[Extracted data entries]
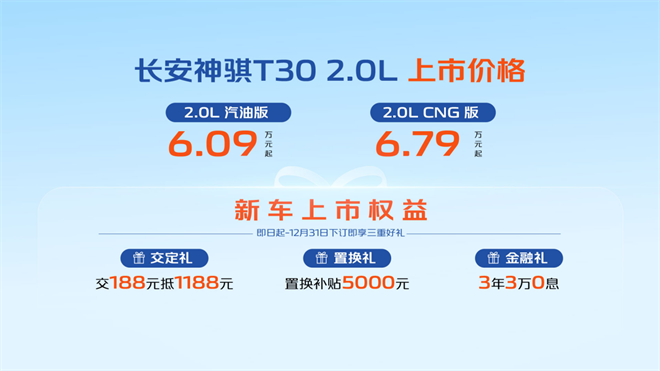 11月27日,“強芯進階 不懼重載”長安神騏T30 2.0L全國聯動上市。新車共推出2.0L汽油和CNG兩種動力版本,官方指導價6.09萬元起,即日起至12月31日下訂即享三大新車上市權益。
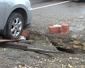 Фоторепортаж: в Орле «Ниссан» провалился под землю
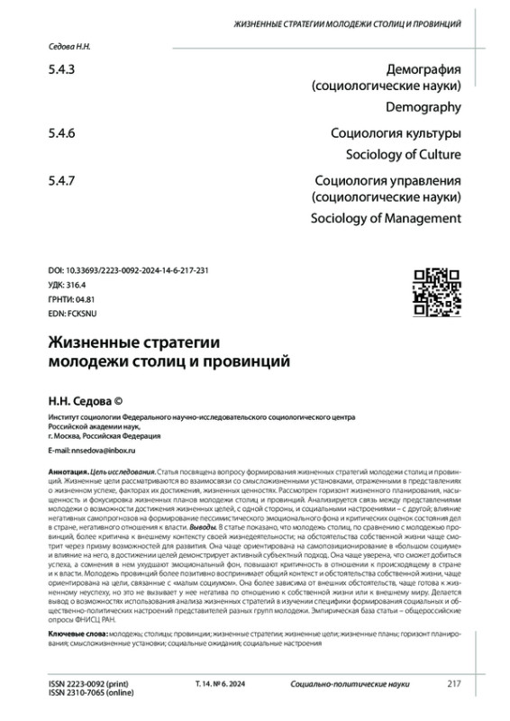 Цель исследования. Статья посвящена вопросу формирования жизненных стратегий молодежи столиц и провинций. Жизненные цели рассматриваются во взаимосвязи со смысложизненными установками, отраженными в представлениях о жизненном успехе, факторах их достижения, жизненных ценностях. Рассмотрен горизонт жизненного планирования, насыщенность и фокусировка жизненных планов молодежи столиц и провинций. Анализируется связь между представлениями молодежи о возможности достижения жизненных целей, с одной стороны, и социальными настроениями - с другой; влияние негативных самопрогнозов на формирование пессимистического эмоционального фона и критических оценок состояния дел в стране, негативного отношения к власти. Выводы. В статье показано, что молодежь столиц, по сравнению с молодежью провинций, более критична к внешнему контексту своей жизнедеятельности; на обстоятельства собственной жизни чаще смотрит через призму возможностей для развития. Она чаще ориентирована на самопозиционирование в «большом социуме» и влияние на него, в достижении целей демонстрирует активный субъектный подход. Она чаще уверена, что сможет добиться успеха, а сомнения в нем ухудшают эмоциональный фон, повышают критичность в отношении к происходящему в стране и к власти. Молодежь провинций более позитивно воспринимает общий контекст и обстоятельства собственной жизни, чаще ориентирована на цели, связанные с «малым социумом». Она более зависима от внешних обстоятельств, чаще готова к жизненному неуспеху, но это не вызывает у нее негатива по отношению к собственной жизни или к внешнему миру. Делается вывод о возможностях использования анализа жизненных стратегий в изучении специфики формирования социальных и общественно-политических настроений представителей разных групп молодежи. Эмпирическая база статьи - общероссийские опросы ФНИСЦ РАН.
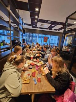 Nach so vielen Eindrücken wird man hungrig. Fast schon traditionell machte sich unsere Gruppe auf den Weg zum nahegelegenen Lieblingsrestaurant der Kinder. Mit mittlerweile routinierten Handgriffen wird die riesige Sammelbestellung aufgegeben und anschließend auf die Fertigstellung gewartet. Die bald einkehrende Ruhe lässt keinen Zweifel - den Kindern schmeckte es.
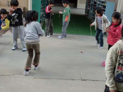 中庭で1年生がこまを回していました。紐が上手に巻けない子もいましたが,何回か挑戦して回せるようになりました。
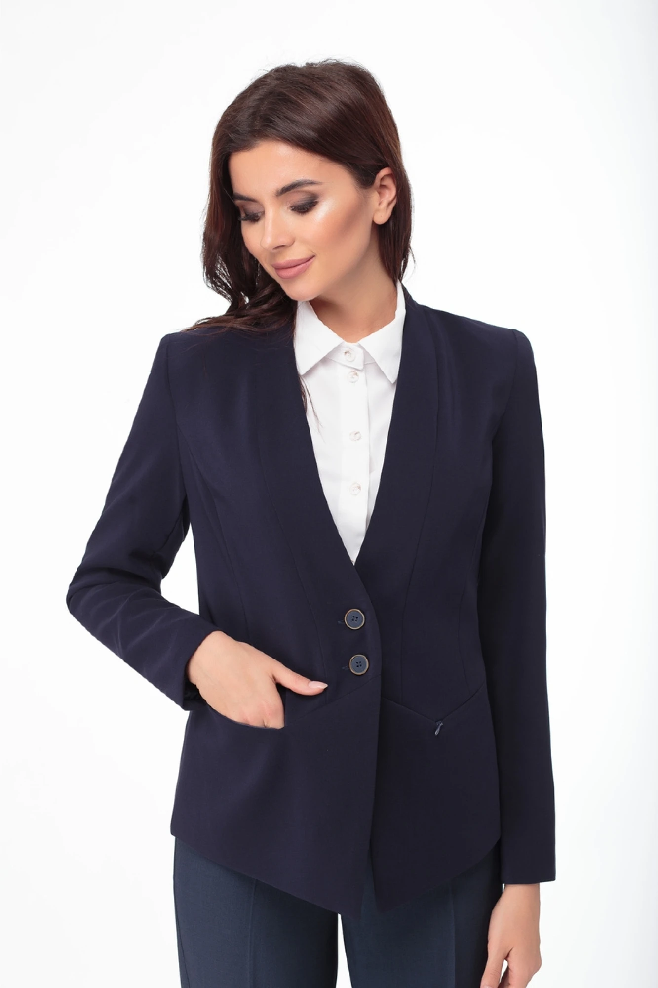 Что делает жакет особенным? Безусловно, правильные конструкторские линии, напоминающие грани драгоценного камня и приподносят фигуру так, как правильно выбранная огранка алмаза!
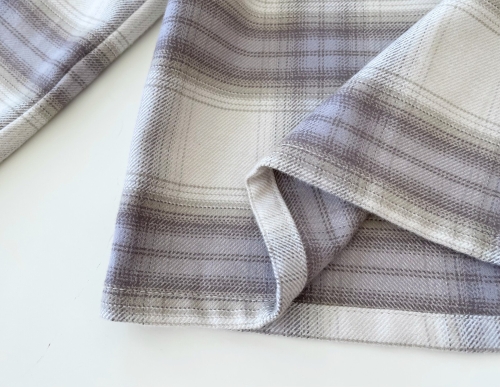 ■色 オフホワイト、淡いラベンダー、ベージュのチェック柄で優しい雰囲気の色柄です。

--

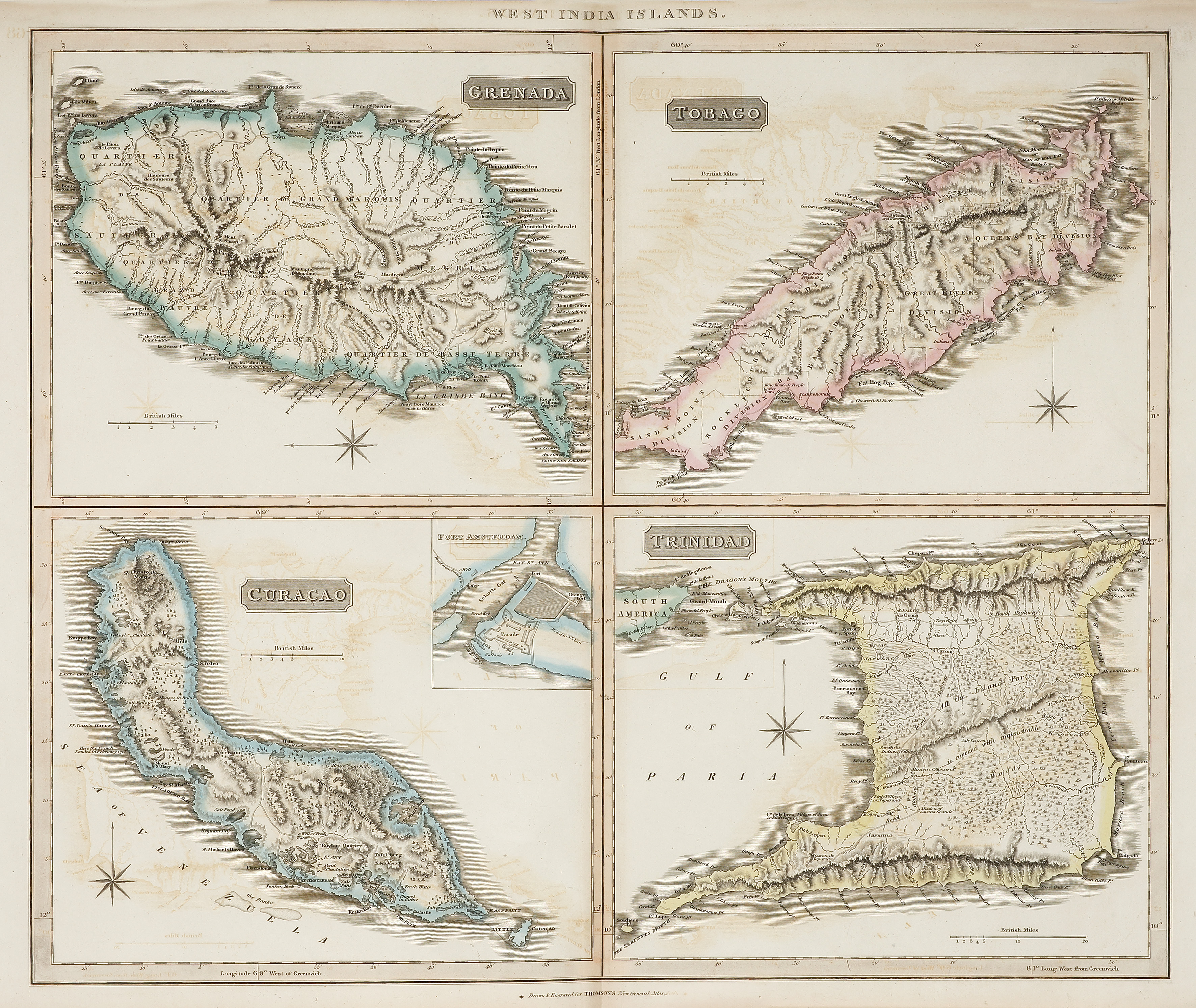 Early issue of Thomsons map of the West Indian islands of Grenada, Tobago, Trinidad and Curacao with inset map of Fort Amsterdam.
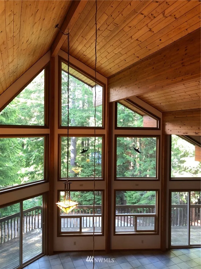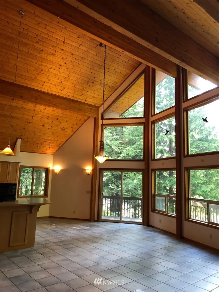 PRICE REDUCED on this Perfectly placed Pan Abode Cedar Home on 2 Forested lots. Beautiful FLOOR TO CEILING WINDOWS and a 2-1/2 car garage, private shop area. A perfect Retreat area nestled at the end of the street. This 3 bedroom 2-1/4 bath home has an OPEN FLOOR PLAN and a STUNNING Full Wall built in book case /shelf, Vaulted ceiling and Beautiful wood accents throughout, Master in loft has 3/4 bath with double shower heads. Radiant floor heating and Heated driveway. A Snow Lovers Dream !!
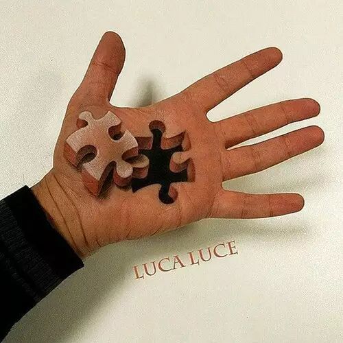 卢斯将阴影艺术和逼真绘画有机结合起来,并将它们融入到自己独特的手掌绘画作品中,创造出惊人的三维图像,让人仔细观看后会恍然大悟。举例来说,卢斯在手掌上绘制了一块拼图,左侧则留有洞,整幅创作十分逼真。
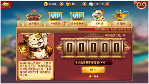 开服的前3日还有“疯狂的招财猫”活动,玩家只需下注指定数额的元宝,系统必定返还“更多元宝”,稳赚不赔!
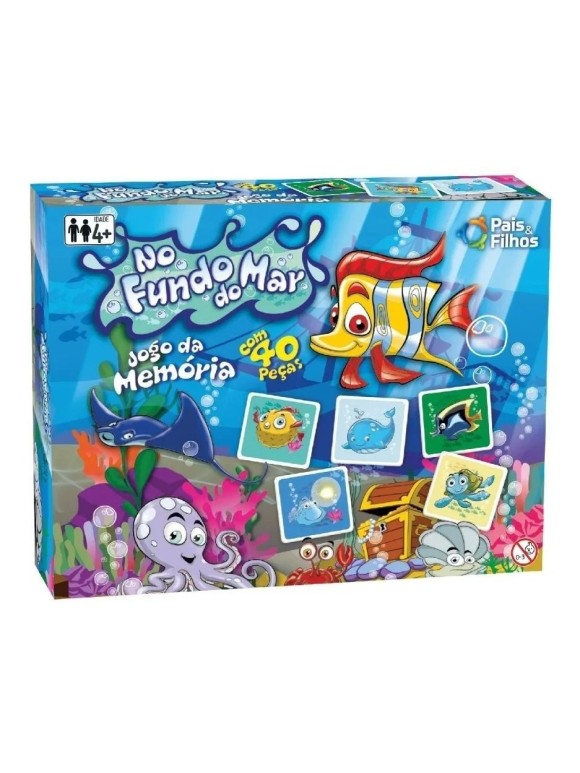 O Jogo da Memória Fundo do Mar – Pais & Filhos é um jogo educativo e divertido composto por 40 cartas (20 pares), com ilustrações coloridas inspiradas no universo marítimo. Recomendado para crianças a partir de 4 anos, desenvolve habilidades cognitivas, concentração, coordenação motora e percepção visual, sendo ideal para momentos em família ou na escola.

### Work order:
When you reach the line with "卢斯将阴影艺术和逼真绘画有机" in the records above, start writing out each line exactly, and stop after the line with "O Jogo da Memória". Pictures stay out.

### Response to this task:
 卢斯将阴影艺术和逼真绘画有机结合起来,并将它们融入到自己独特的手掌绘画作品中,创造出惊人的三维图像,让人仔细观看后会恍然大悟。举例来说,卢斯在手掌上绘制了一块拼图,左侧则留有洞,整幅创作十分逼真。
 开服的前3日还有“疯狂的招财猫”活动,玩家只需下注指定数额的元宝,系统必定返还“更多元宝”,稳赚不赔!
 O Jogo da Memória Fundo do Mar – Pais & Filhos é um jogo educativo e divertido composto por 40 cartas (20 pares), com ilustrações coloridas inspiradas no universo marítimo. Recomendado para crianças a partir de 4 anos, desenvolve habilidades cognitivas, concentração, coordenação motora e percepção visual, sendo ideal para momentos em família ou na escola.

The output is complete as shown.